Nuestro problema con la vida es que no la vemos como es. Estamos tan engañados por ella, sufrimos de tan extrañas ilusiones. A nosotros nos parece bastante diferente de lo que es, y es por eso que desesperadamente necesitamos y debemos tener la revelación de los hechos de las Escrituras. La vida es lo que Dios ha declarado que es. Cuando nos enfrentamos a ella de esa forma, descubrimos que la revelación es correcta, es precisa, y describe de hecho lo que está ocurriendo. Y lo que es más, nos dice por qué ocurren las cosas y lo que subyace bajo ellas. Todo es parte de ponerse esta armadura, apropiandote de Cristo en tu vida de acuerdo con tu situación presente. Todo se hace en el ámbito de la vida de tus pensamientos.

¿Qué es lo que haces cuando te pones la coraza de justicia? Piensas en Cristo y lo que Su justicia significa para ti cuando se te imparte. ¿Qué haces cuando tomas la espada del Espíritu?

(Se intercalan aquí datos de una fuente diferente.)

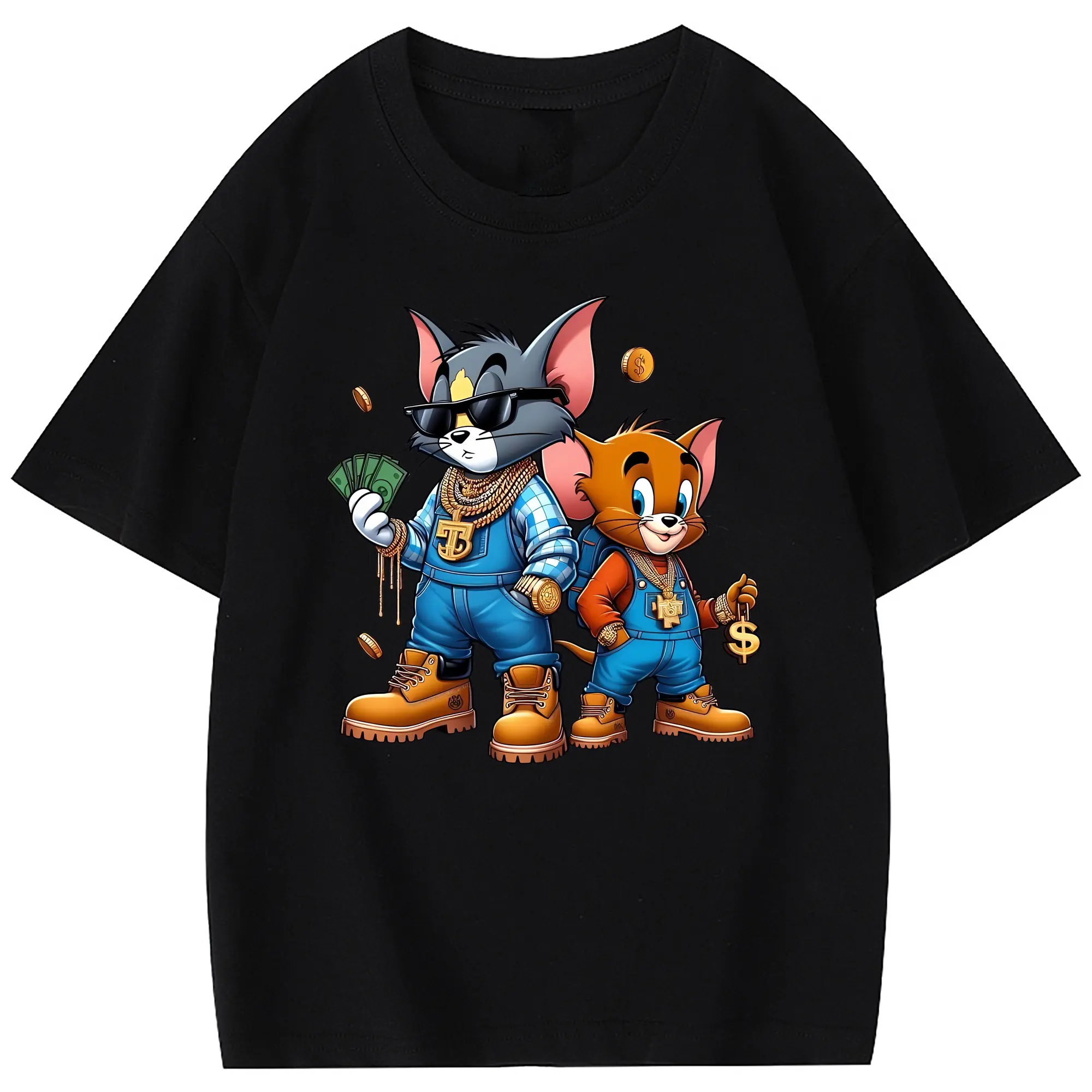 トムとジェリー グッズ ジェリー - 綿100% 半袖Tシャツ ・ バックプリント ・ 快適 通気性 ・ 日常使い 散歩 スポーツ用

Haces caso, como vimos, de esos recuerdos de las Escrituras, esas porciones de la Palabra de Dios que te vienen a la mente que tienen aplicación inmediata a la situación que estás enfrentando. Pero de nuevo, todo esto se hace en el ámbito de la vida de tus pensamientos. Al principio toma tiempo elaborar todo este pensamiento. Esto es algo que tenemos que aprender a hacer. Al aprender a hacerlo, el proceso se vuelve más rápido. Casi instantáneamente podemos pensar en esta línea al abordar el problema que estamos enfrentando. Esto es lo que Pablo llama, en la segunda carta a los corintios: “llevando cautivo todo pensamiento a la obediencia a Cristo” (2 Corintios 10:5).

Pongo énfasis en que esto se hace en la vida de los pensamientos porque es muy importante, ya que es peligroso pensar y no hacer. Es una violación de nuestra humanidad básica meramente pensar y que el pensamiento no resulte al final en alguna actividad. Es ahí donde muchos cristianos se pierden. Se contentan con pensar sobre los asuntos doctrinales, piensan detenidamente estos grandes hechos revelados sobre el evangelio y sobre la vida, pero nunca hacen una aplicación práctica de ninguna forma. Como he sugerido, esto es muy peligroso, porque nosotros seres humanos estamos hechos para ambas cosas, pensar y hacer, y deben ser en ese orden. Recibimos información primero, la asimilamos, la correlacionamos y la analizamos. Esto es lo primero. Y entonces actuamos en base a aquello que tanto hemos pensado y sentido. Nuestras emociones y nuestra mente, trabajando sobre nuestra voluntad, nos traen al final a la actividad. Este es el procedimiento normal y propio del vivir humano.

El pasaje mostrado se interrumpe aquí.